== Segment start ==

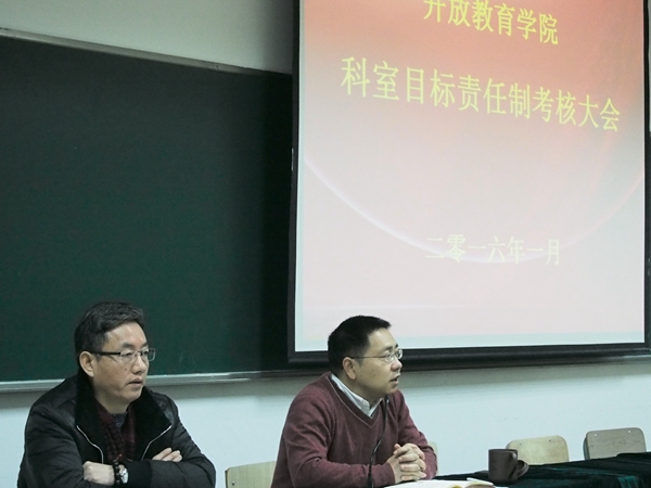 1月7日,开放教育学院召开2015年度科室目标责任制考核大会,学院全体教职员工参加会议,会议由学院党总支书记冯国文主持。
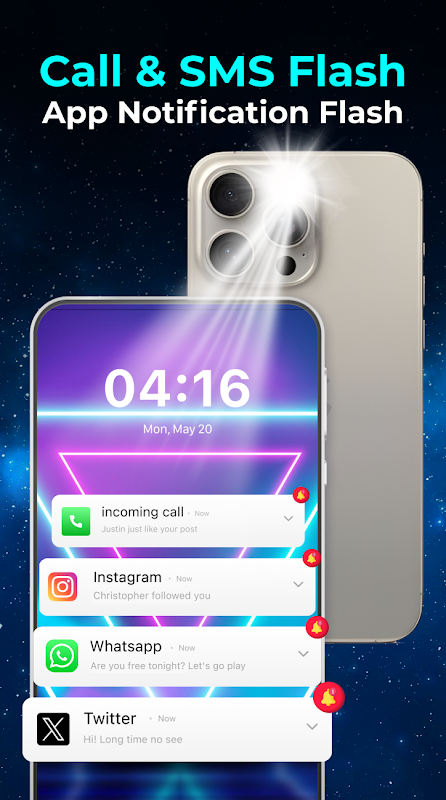 🎉 Party Mode: Planning to throw a party? Our flashing lights app will set the mood with its disco light feature. Change the color of the flash alert flash and let the LED light up your celebration!
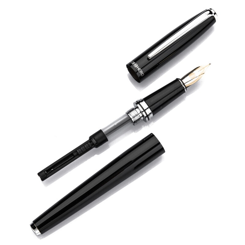 英雄(HERO)黑色铱金钢笔墨水笔明尖 373
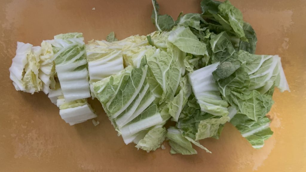 白菜は横に半分に切り、ざく切りにする
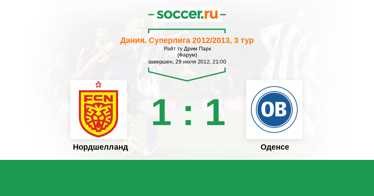 Дания. Суперлига 05.10.2012 Оденсе Логотип футбольный клуб Оденсе 3:0 Логотип футбольный клуб Нордшелланд (Фарум) Нордшелланд

== Segment end ==

== What you should do ==
Give every line of the records above again, exactly, and omit the pictures.

== Your solution ==
 1月7日,开放教育学院召开2015年度科室目标责任制考核大会,学院全体教职员工参加会议,会议由学院党总支书记冯国文主持。
 🎉 Party Mode: Planning to throw a party? Our flashing lights app will set the mood with its disco light feature. Change the color of the flash alert flash and let the LED light up your celebration!
 英雄(HERO)黑色铱金钢笔墨水笔明尖 373
 白菜は横に半分に切り、ざく切りにする
 Дания. Суперлига 05.10.2012 Оденсе Логотип футбольный клуб Оденсе 3:0 Логотип футбольный клуб Нордшелланд (Фарум) Нордшелланд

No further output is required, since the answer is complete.